Олег Курылев - Шестая книга судьбы
«Наши красноармейцы рассказали, что вырвались из плена сами, убив двоих ваших», — поведал мне капитан.
«Это неправда. Там были еще два метеоролога, муж и жена, разыщите их и спросите. Они не военные и вряд ли станут врать»
«Я склонен вам поверить, господин Бюрен. Как, вы говорите, называется ваша дивизия? „Эдельвейс“?»
«Неофициально, да».
«Эсэсовцы?»
«Вовсе нет!» — Я взял себя за воротник, показывая ему армейские петлицы.
«Все вы, попадая в плен, сразу становитесь обычными солдатами А про эсэсовскую нашивку на своем рукаве забыли?»
Он показал на мою правую руку.
«Но, господин капитан, это эмблема горных войск вермахта! — стал убеждать его я. — У эсэсовцев она тоже есть, но отличается от армейской. Их эдельвейс вышит на черном куске ткани и окружен не волнистой веревкой, а ровным серебристым овалом».

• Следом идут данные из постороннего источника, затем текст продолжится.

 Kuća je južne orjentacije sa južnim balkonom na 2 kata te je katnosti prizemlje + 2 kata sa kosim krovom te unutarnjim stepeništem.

Я чувствовал, что он не верит. Они там с чего-то взяли, что «эдельвейсы» — из войск СС. К нашим друзьям из этой организации во всем мире относились неважно, а уж в России, где на месте расстреливали даже военных полицейских и снайперов, пленный эсэсовец быстро становился мертвым. Нужно было во что бы то ни стало переубедить капитана, чтобы не отвечать за чужие грехи.
«Посмотрите, в конце концов, мою солдатскую книжку, капитан, если вы не верите нашивкам. У солдат СС орел на левом рукаве, а у меня — над правым карманом. К чему бы мне весь этот маскарад?..»

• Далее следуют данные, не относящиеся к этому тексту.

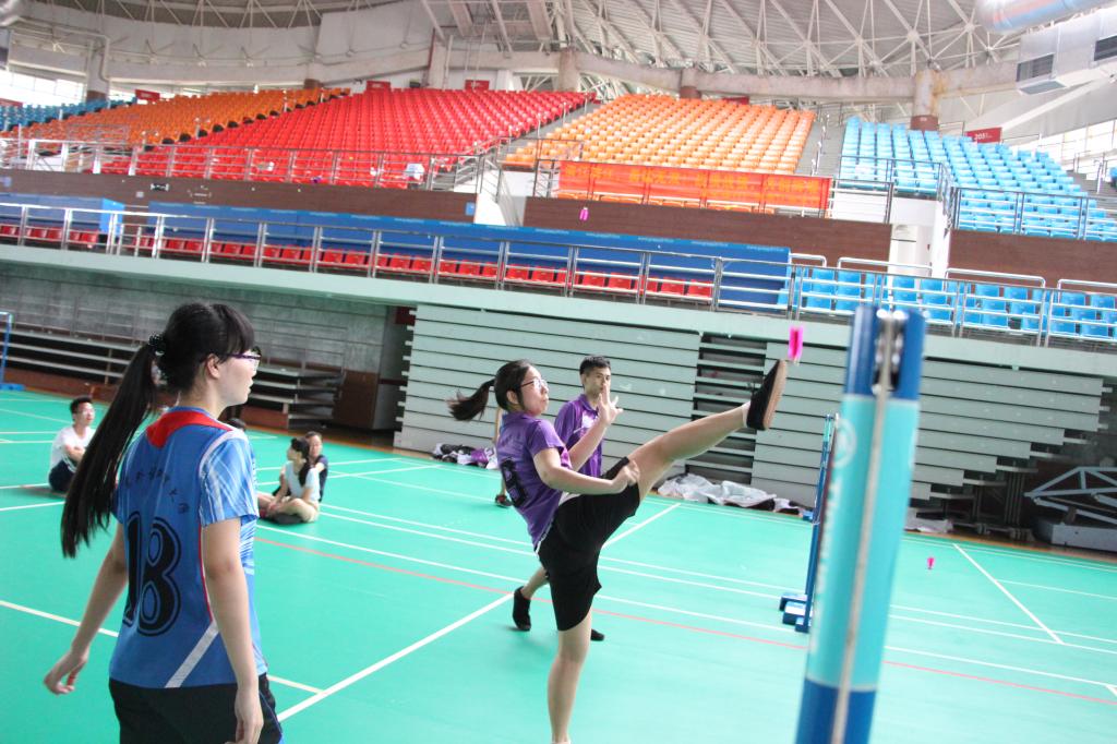 本网讯 2016年5月22日上午9:00,由广东外语外贸大学体育委员会主办、广东外语外贸大学体育部承办、广外毽球协会协办的第十二届广外杯毽球赛在广东外语外贸大学南校区体育馆正式开幕。本次的活动本着友谊第一的运动精神,让参赛队员充分的发挥自己的技艺。比赛目的是为用运动的形式让各毽球爱好者加强交流,各成员相互切磋,同时使同学们能够有一个展示自身球技的舞台。

Я еще что-то говорил. Он же тем временем стал снова рассматривать мой зольдбух, пытаясь разобраться в многочисленных записях и печатях.
«Вы были ранены? Когда и где?»
«Два года назад в Югославии. Осколок мины сорвал с моего левого плеча погон вместе с куском мяса и перебил ключицу».
«Покажите».
Я снял куртку, свитер и рубаху, оголив плечо. Шрам был на месте.
«У вас неверное представление о наших горных войсках, — продолжал я убеждать капитана. — Нас годами готовили в австрийских горных лагерях еще до войны. Нашими инструкторами были настоящие спортсмены и даже чемпионы Германии. А в СС горные дивизии появились уже во время войны. Они не чета нам, и, насколько я знаю, их не послали на Кавказ».
Капитан отложил мои документы и сменил тему разговора.
«Вы альпинист?»
«Военный альпинист. До войны я занимался горными лыжами и туризмом».
Капитан сказал, что у него есть знакомый москвич, участник Берлинской олимпиады. Мы поговорили на эту и некоторые другие отвлеченные темы.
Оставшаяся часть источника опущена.